• **Task prompt**:
For this task, output every entry below exactly and omit the pictures.

• **Data**:
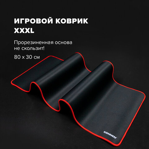 Коврик для мыши и клавиатуры большой SONNEN "BLACK TITAN XXL" 900х400х3мм, черный, 513959
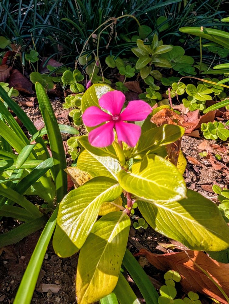秋の季節外れに咲いてた痩せた一輪のニチニチソウ。秋も深まると花が小さくなったり、株全体が弱々しくなったりする。別名:ニチニチカ(日日花)とも。
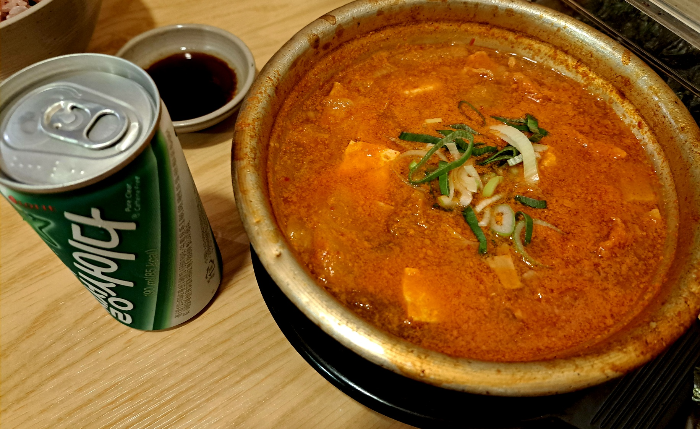 새콤달콤 적당히 익은 김치가 맛있어서 밥 한 그릇 뚝딱 할 수 있는 얼큰한 국물이 너무 맛있는 김치찌개였습니다.
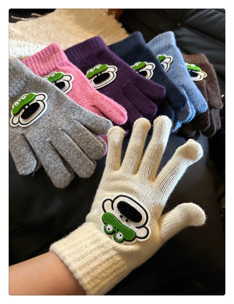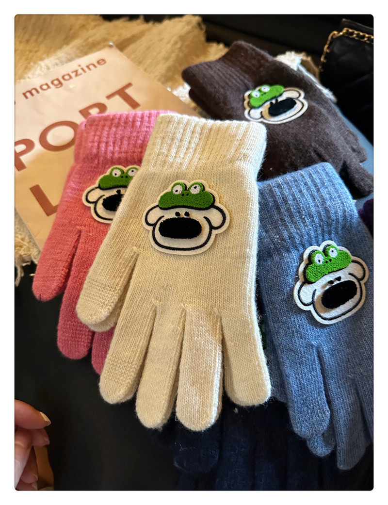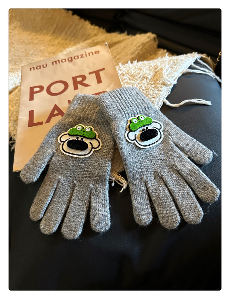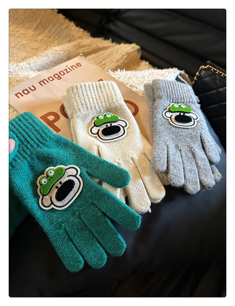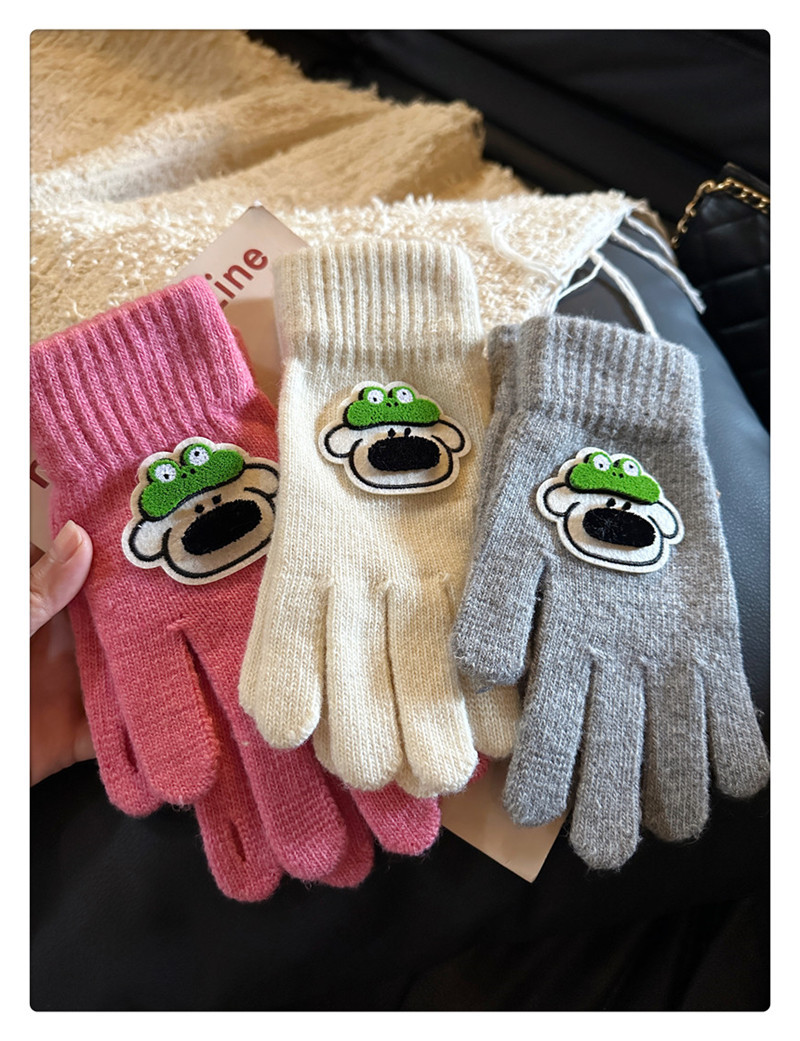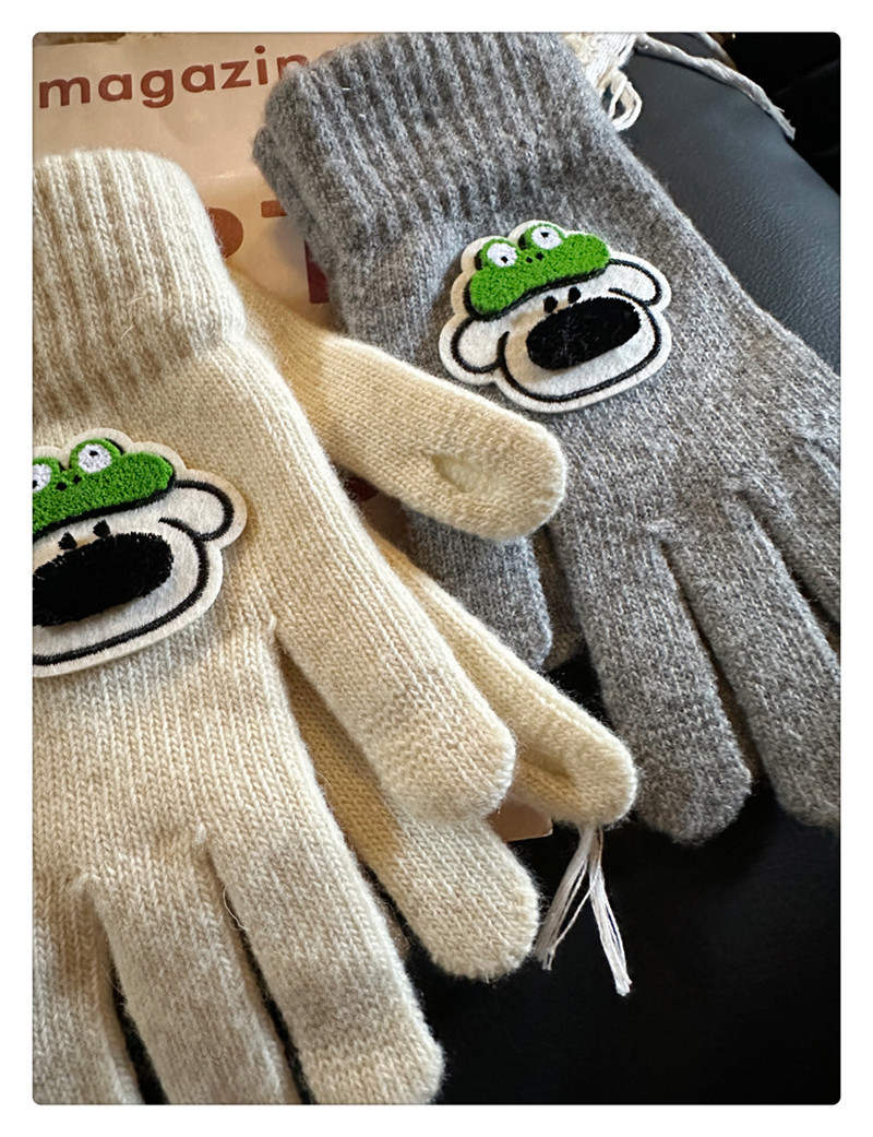 한국 스타일 귀여운 개구리 니트 장갑 여성 가을 겨울 야외 사이클링 따뜻한 전시 손가락 터치 스크린 울 장갑
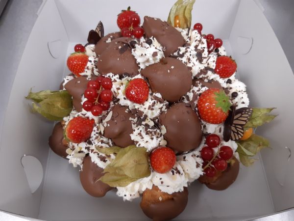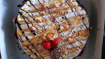 Afgewerkt met slagroom,chocolade en vers fruit.
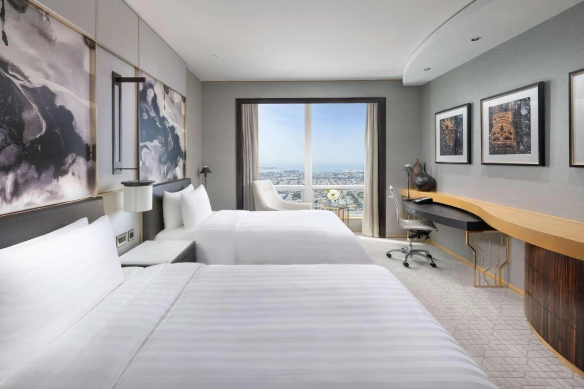 The 302 rooms and suites are thoughtfully designed with geometric patterns and warm tones, blending contemporary luxury with cultural accents. Each features floor-to-ceiling windows showcasing breathtaking views of the Downtown Dubai skyline or the Arabian Sea, complemented by deep soaking bathtubs, walk-in showers, flat-screen TVs, and fully stocked minibars. Private workspaces ensure comfort for business travellers, while plush bedding creates an inviting space for relaxation.

• **Output for this task**:
 Коврик для мыши и клавиатуры большой SONNEN "BLACK TITAN XXL" 900х400х3мм, черный, 513959
秋の季節外れに咲いてた痩せた一輪のニチニチソウ。秋も深まると花が小さくなったり、株全体が弱々しくなったりする。別名:ニチニチカ(日日花)とも。
 새콤달콤 적당히 익은 김치가 맛있어서 밥 한 그릇 뚝딱 할 수 있는 얼큰한 국물이 너무 맛있는 김치찌개였습니다.
 한국 스타일 귀여운 개구리 니트 장갑 여성 가을 겨울 야외 사이클링 따뜻한 전시 손가락 터치 스크린 울 장갑
 Afgewerkt met slagroom,chocolade en vers fruit.
 The 302 rooms and suites are thoughtfully designed with geometric patterns and warm tones, blending contemporary luxury with cultural accents. Each features floor-to-ceiling windows showcasing breathtaking views of the Downtown Dubai skyline or the Arabian Sea, complemented by deep soaking bathtubs, walk-in showers, flat-screen TVs, and fully stocked minibars. Private workspaces ensure comfort for business travellers, while plush bedding creates an inviting space for relaxation.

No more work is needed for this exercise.